**Directions**
If pictures appear in the lines below, skip them and copy exactly the lines from the one containing "图1(b)显示了安全容器的软件栈层次结构。一般情况下,MicroVM 中的 guest" through the one containing "注:HL1、HL2分別為常用", and nothing else.

**Source information**
==========
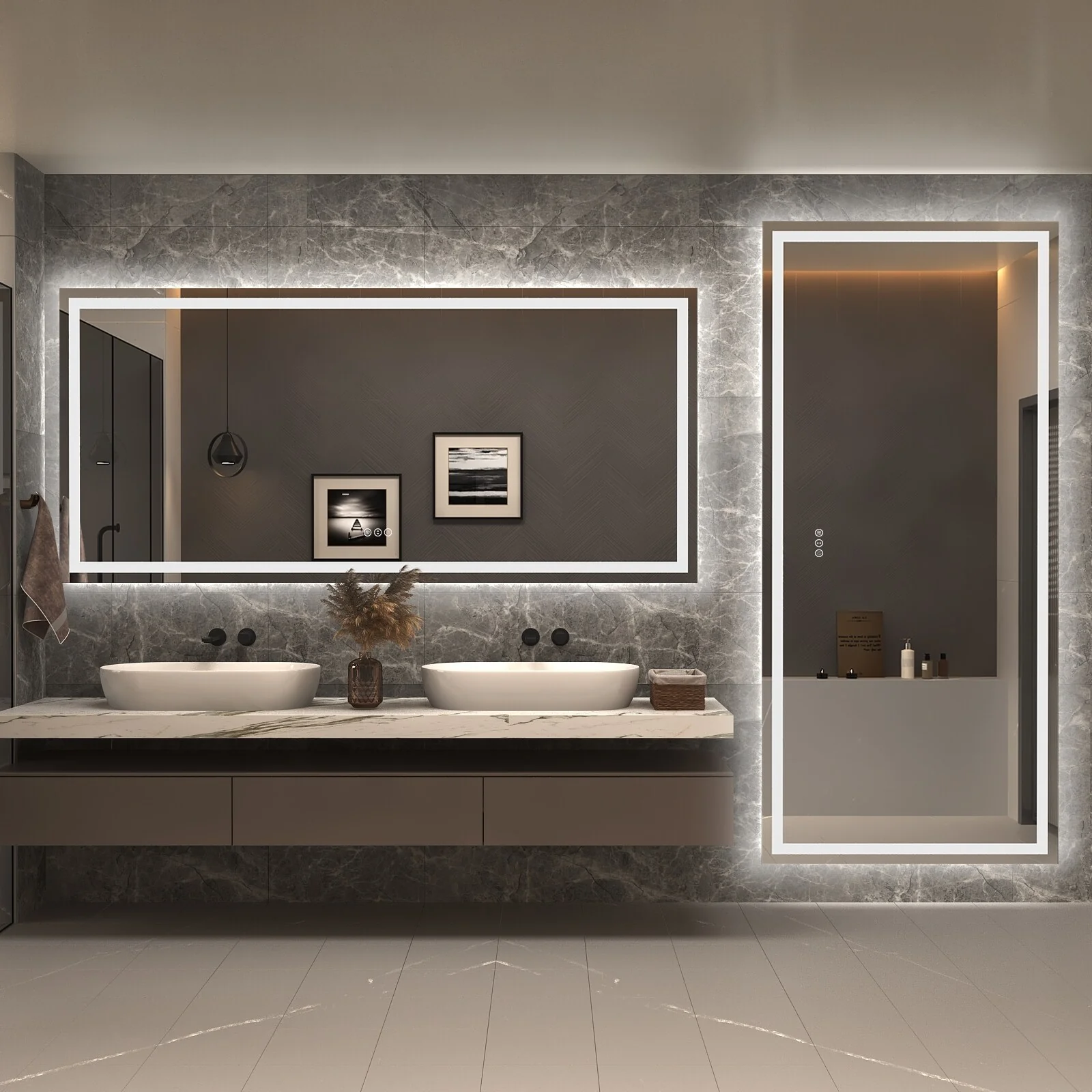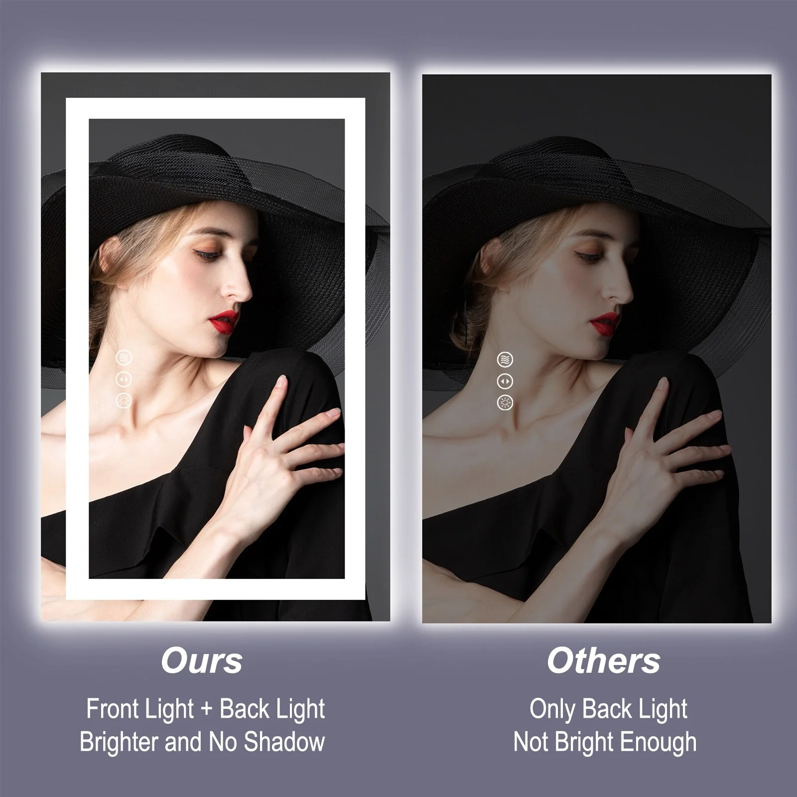- Super bright front-lit & backlit: adopt 24-volt (others are 12-volt, the brightness is halved.) real cri90+ high-density 192 leds/m light strips, the light is bright enough for makeup, shaving, or beauty treatments; ideal for bathroom, bedroom, closet, or hallway. Led lifetime is 50,000 hours. (use a mirror for 3 hours a day and it can last 45 years.)
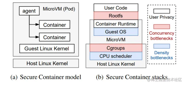 图1(b)显示了安全容器的软件栈层次结构。一般情况下,MicroVM 中的 guest 操作系统(GuestOS)和 host 上的资源调度都被转交给云提供商负责。rootfs 是一个文件系统,充当用户代码的执行环境。它是由 host 创建的,并传递给 microVM 中的容器运行时。在 host 端,cgroup 用于为安全容器分配资源,CPU 调度器负责管理资源分配。由此可见,安全容器的复杂层次结构必定会带来了复杂、高额的额外开销。
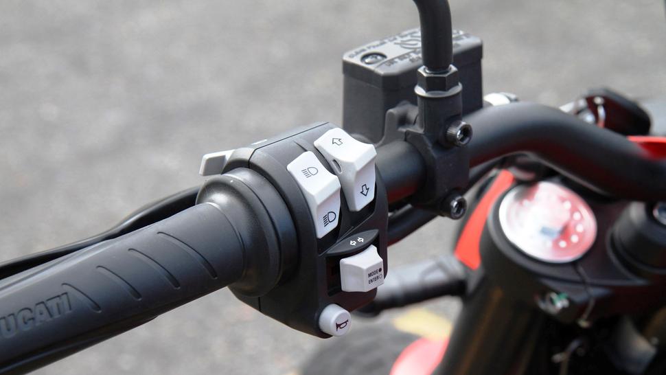 70-с-чем-то сильный двигатель с воздушно-масляным охлаждением уже много лет знаком поклонникам Ducati, и тому есть веские причины. Он не только традиционно для V-твинов эластичен с ровной полкой тяги, но ещё и покладист, и бодр на высоких оборотах. Ducati, похоже, нащупали отличное сочетание двигателя и трансмиссии, которое позволяет райдеру весьма произвольно переключать передачи по настроению, от неряшливых переключений на низах до шумного, с перегазовкой, спортивного переключения на верхах, и всё это - без лишней суеты и сложностей. И в целом мотоцикл очень прост в использовании, но охотно и весело крутится.
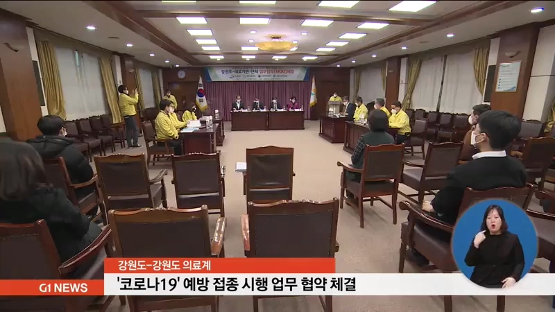 강원도와 강원도병원협회, 강원도의사회, 강원도간호사회는 도청에서 업무협약을 맺고, '코로나19' 예방 접종의 안전하고 신속한 시행을 위해 함께 노력하기로 했습니다.
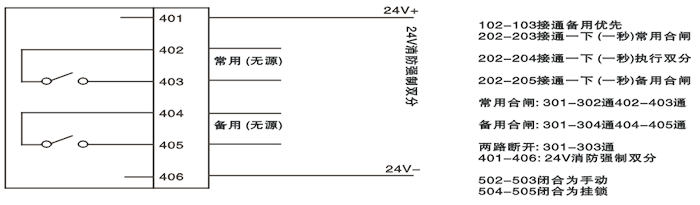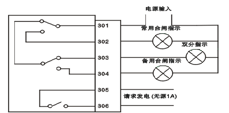 注:HL1、HL2分別為常用電源、備用電源來電指示;HD1、HD2分別為常用電源、備用電源投入指示;FU1、FU2為2A保險絲;302~305為開關端子。
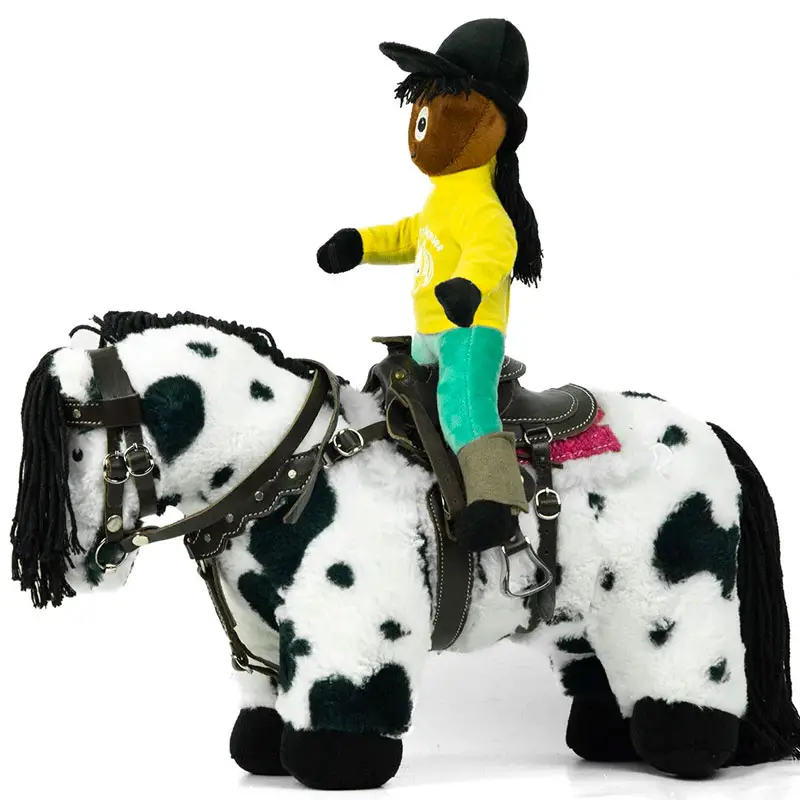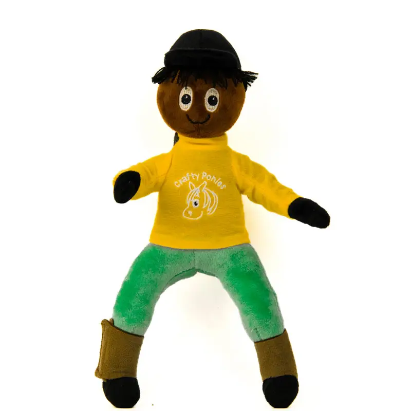 UitverkochtCrafty Ponies Ponyrijder Ruiter Alex. Alex is een jongen in een geel truitje met groene broek en heeft lange haren. De Crafty Ponies poppen komen in alle instructieboekjes voor en kinderen kunnen een rollenspel met ze spelen. De truien en chaps zijn afneembaar zodat de ruiters in “show kleding” kunnen worden gekleed. Daarnaast hebben ze ook elastiek op de handen zodat ze bijvoorbeeld een longeerlijn of loswerktouw kunnen vasthouden.
==========
**Output for this task**
 图1(b)显示了安全容器的软件栈层次结构。一般情况下,MicroVM 中的 guest 操作系统(GuestOS)和 host 上的资源调度都被转交给云提供商负责。rootfs 是一个文件系统,充当用户代码的执行环境。它是由 host 创建的,并传递给 microVM 中的容器运行时。在 host 端,cgroup 用于为安全容器分配资源,CPU 调度器负责管理资源分配。由此可见,安全容器的复杂层次结构必定会带来了复杂、高额的额外开销。
 70-с-чем-то сильный двигатель с воздушно-масляным охлаждением уже много лет знаком поклонникам Ducati, и тому есть веские причины. Он не только традиционно для V-твинов эластичен с ровной полкой тяги, но ещё и покладист, и бодр на высоких оборотах. Ducati, похоже, нащупали отличное сочетание двигателя и трансмиссии, которое позволяет райдеру весьма произвольно переключать передачи по настроению, от неряшливых переключений на низах до шумного, с перегазовкой, спортивного переключения на верхах, и всё это - без лишней суеты и сложностей. И в целом мотоцикл очень прост в использовании, но охотно и весело крутится.
 강원도와 강원도병원협회, 강원도의사회, 강원도간호사회는 도청에서 업무협약을 맺고, '코로나19' 예방 접종의 안전하고 신속한 시행을 위해 함께 노력하기로 했습니다.
 注:HL1、HL2分別為常用電源、備用電源來電指示;HD1、HD2分別為常用電源、備用電源投入指示;FU1、FU2為2A保險絲;302~305為開關端子。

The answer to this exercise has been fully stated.